UVa 11503 - Virtual Friends

//aarifshuvo   ``CSEJU

#include <bits/stdc++.h>
#define ll long long
#define SZ(x) ((int)(x).size())
#define scl(x) scanf("%lld", &x)
#define scll(x,y) scanf("%lld %lld", &x, &y)
#define ALL(x) (x).begin(),(x).end()
#define REP(i,n) for(int i=0;i<n;i++)
#define REV(i,n) for(int i=n-1;i>=0;i--)
#define FOR(i,a,b) for(int i=a;i<=b;i++)
#define pri(a) cout<<a<<endl
#define prii(a,b) cout<<a<<" "<<b<<endl
using namespace std;

map<string, string> par;
map<string, int> cnt;

string findr(string s)
{
    if(par[s]=="") return s;

    string x = findr(par[s]);
    par[s] = x;
    return x;
}

int main()
{
    ll t,f;
    string sa, sb;
    scl(t);
    while(t--)
    {
        scl(f);
        while(f--)
        {
            cin>>sa>>sb;
            if(par[sa]=="" and !cnt[sa]) cnt[sa]=1;
            if(par[sb]=="" and !cnt[sb]) cnt[sb]=1;

            string u = findr(sa), v = findr(sb);

            if(u!=v)
            {

                par[v] = u;
                cnt[u] = cnt[u] + cnt[v];

            }
            printf("%d\n", cnt[u]);
        }
        par.clear();
        cnt.clear();
    }
    return 0;
}

/// my ideas (unsorted)


what did the problem want?

there're friends. betty's friend jessy, jessy's friend ketty.
there will be different inputs of two lines giving two connected frineds name .

at each query you have to tell that how many friends are there in that group?

what is the concept of disjoint set?

at first all nodes are their own parent. after that they get connected with one another. and at the time of
every connection the parent of the child nodes get changed .

now in this problem how can we apply that thing?

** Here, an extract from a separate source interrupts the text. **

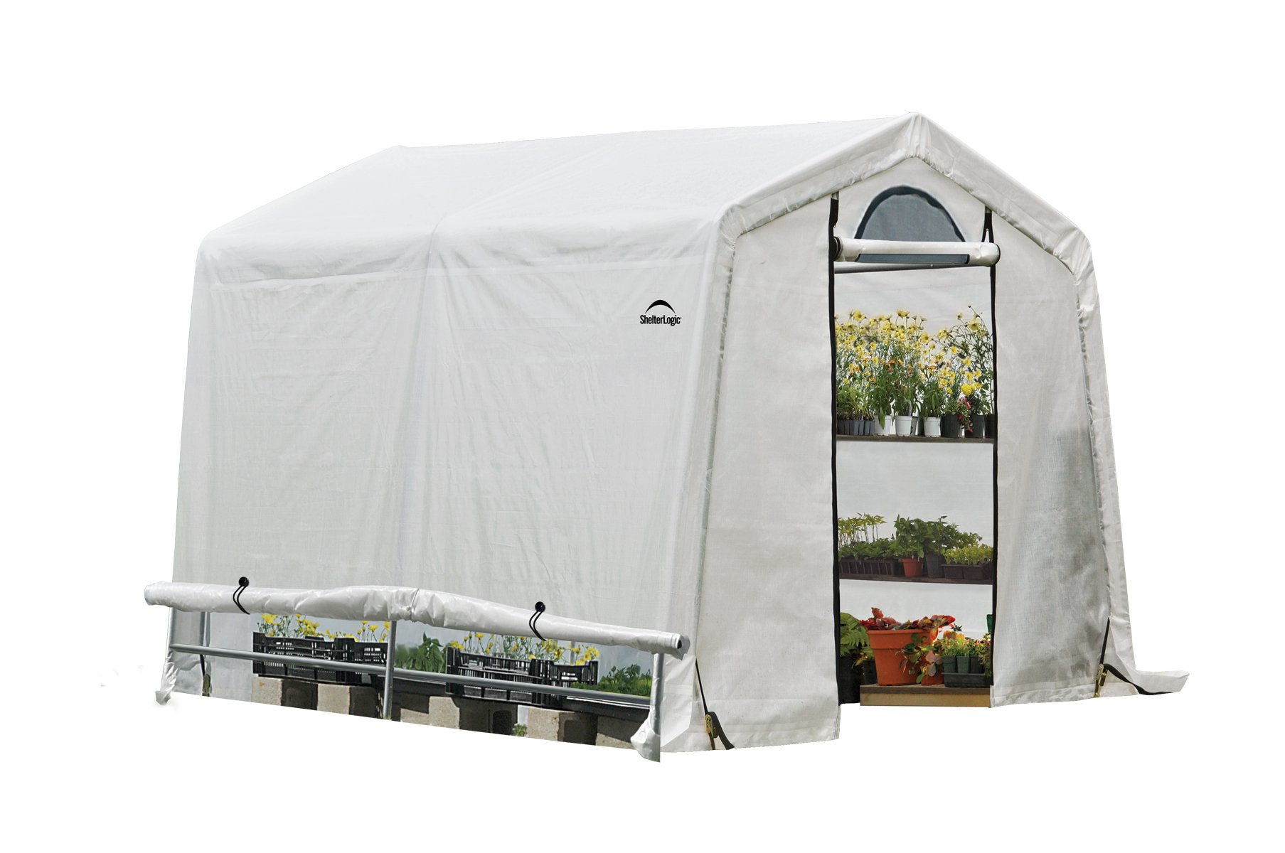 Foliengewächshaus Das mobile Gewächshaus ist schnell auf- und abbaubar und somit optimal für den saisonalen Gebrauch geeignet. Speziell Tomaten können in diesem Gewächshaus geschützt und sicher angezogen werden. Die hochwertige Polyethylene-Plane (160g/m²) ist UV-beständig und durch eine spezielle Versiegelung (keine Nähte) absolut wasserdicht. Ein 3,5cm massives und Premium beschichtetes Stahlgestell (3 Rippen) verhindert Rostbildung und garantiert eine hohe Lebensdauer. Patentierte Stabilisatoren (ShelterLogic® 3X Steel Stabilizers) gewährleisten eine 3x höhere Belastbarkeit der Konstruktion. Im Eingangsbereich ist eine Tür (BxH 100x210cm) mit 2 Reißverschlüssen sowie einem Fenster eingearbeitet. Für ausgewogene Luftzirkulation sorgt ein zweites Fenster an der Rückseite. Die Seitenwände lassen sich einfach aufrollen und durch Gummis befestigen, so das eine optimale Belüftung auch bei hohen Temperaturen im Sommer gewährleistet ist. Die 8 Stk. mitgelieferten Zurrgurte sichern die Festigkeit der Plane am Gestell bei Wind und Wetter. Im Lieferumfang sind 4 Stk. Bodenanker (38cm) zur festen Verankerung im Boden enthalten. Ein Fundament ist nicht erforderlich. In nur einer Box verpackt. – Breite: 240, – Gewicht: 34,8, – Höhe: 240, – Länge: 240, – Material: Stahl – PE-Plane

we have to count number of frineds in a grp;

so each time, we get two frinds and connect them eventually we have our grps increased. and then we have to
track that increase in an array or map.

how do this increase tracking work?

** firstly, all new friends who are not connected yet has member 1. and each time we make union between two
single node, then we get member in that group by adding both of the single node and we get 2.

-> where do we save this count? there are two nodes. in map of which node or both??
yupp, gotcha.. we save the count in ther counter map/array of the parent node.

** accordingly, now if we add another single node , with that grp of two nodes then what happens?

-> we increase the counter of connected nodes. where ? at the map of the parent node..!

** now if we add two nodes which comes from two different well formed grps then what happens?

-> we dont have any problem with the union part . just make union with the parent of those two different
grps. but counter?? now we just add the cnt of two parents and minus 2 from that.
now we get the new number of cnt from a single grp.

@@@ now technical facts... can you directly add two strings and make union with them without converting into
integer nodes. yes we can do so. okay. so no need to convert the strings.